» **PROBLEM STATEMENT**:
In the entries that follow, find the line containing "Inspired by the"; from there, copy every line exactly through the line containing "ರಾಹುಲ್ ಗಾಂಧಿ, ಸಿದ್ದರಾಮಯ್ಯನವರು".

» **DATA UNDER STUDY**:
=== Begin Enclosure ===

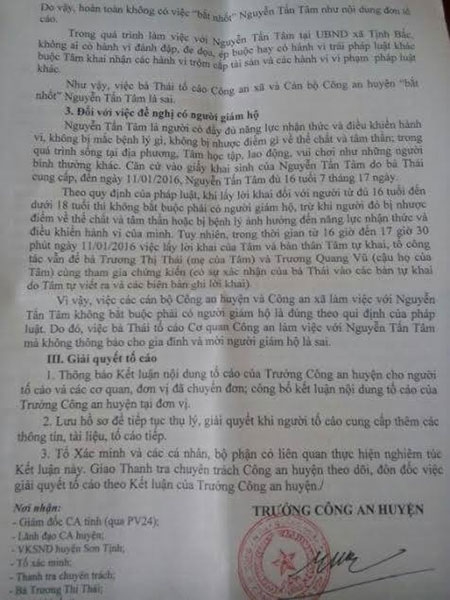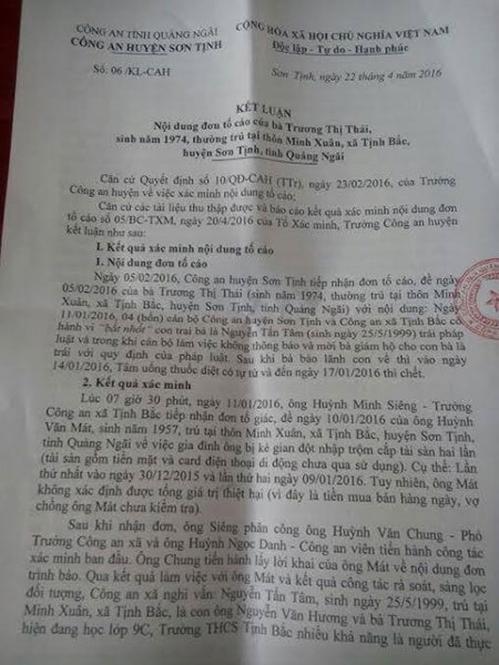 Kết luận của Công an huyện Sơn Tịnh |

=== End Enclosure ===
=== Begin Enclosure ===

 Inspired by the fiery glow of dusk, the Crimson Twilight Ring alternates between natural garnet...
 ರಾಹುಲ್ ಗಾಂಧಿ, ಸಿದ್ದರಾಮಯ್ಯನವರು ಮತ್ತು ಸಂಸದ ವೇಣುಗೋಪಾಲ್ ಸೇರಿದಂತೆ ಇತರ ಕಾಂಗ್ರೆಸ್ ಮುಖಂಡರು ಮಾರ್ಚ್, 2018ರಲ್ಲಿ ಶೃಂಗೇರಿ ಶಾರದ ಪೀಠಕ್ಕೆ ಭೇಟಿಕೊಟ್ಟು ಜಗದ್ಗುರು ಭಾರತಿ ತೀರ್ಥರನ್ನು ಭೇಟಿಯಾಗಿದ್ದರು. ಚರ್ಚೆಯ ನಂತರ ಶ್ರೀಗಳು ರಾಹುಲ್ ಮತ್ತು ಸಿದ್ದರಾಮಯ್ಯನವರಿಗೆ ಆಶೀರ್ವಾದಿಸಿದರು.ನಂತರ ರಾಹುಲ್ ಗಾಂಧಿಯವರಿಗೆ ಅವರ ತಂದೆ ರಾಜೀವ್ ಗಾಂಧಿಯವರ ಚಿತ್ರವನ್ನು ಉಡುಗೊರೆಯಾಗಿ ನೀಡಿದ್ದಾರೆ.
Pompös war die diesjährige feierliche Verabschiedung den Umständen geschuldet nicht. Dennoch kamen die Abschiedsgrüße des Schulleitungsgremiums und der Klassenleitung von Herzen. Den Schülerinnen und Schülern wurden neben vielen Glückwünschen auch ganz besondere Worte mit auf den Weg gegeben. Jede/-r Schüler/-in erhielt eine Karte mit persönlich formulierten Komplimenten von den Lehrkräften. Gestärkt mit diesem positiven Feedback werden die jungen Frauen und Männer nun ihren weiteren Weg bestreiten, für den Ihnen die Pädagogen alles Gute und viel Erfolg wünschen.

=== End Enclosure ===

» **RESPONSE**:
 Inspired by the fiery glow of dusk, the Crimson Twilight Ring alternates between natural garnet...
 ರಾಹುಲ್ ಗಾಂಧಿ, ಸಿದ್ದರಾಮಯ್ಯನವರು ಮತ್ತು ಸಂಸದ ವೇಣುಗೋಪಾಲ್ ಸೇರಿದಂತೆ ಇತರ ಕಾಂಗ್ರೆಸ್ ಮುಖಂಡರು ಮಾರ್ಚ್, 2018ರಲ್ಲಿ ಶೃಂಗೇರಿ ಶಾರದ ಪೀಠಕ್ಕೆ ಭೇಟಿಕೊಟ್ಟು ಜಗದ್ಗುರು ಭಾರತಿ ತೀರ್ಥರನ್ನು ಭೇಟಿಯಾಗಿದ್ದರು. ಚರ್ಚೆಯ ನಂತರ ಶ್ರೀಗಳು ರಾಹುಲ್ ಮತ್ತು ಸಿದ್ದರಾಮಯ್ಯನವರಿಗೆ ಆಶೀರ್ವಾದಿಸಿದರು.ನಂತರ ರಾಹುಲ್ ಗಾಂಧಿಯವರಿಗೆ ಅವರ ತಂದೆ ರಾಜೀವ್ ಗಾಂಧಿಯವರ ಚಿತ್ರವನ್ನು ಉಡುಗೊರೆಯಾಗಿ ನೀಡಿದ್ದಾರೆ.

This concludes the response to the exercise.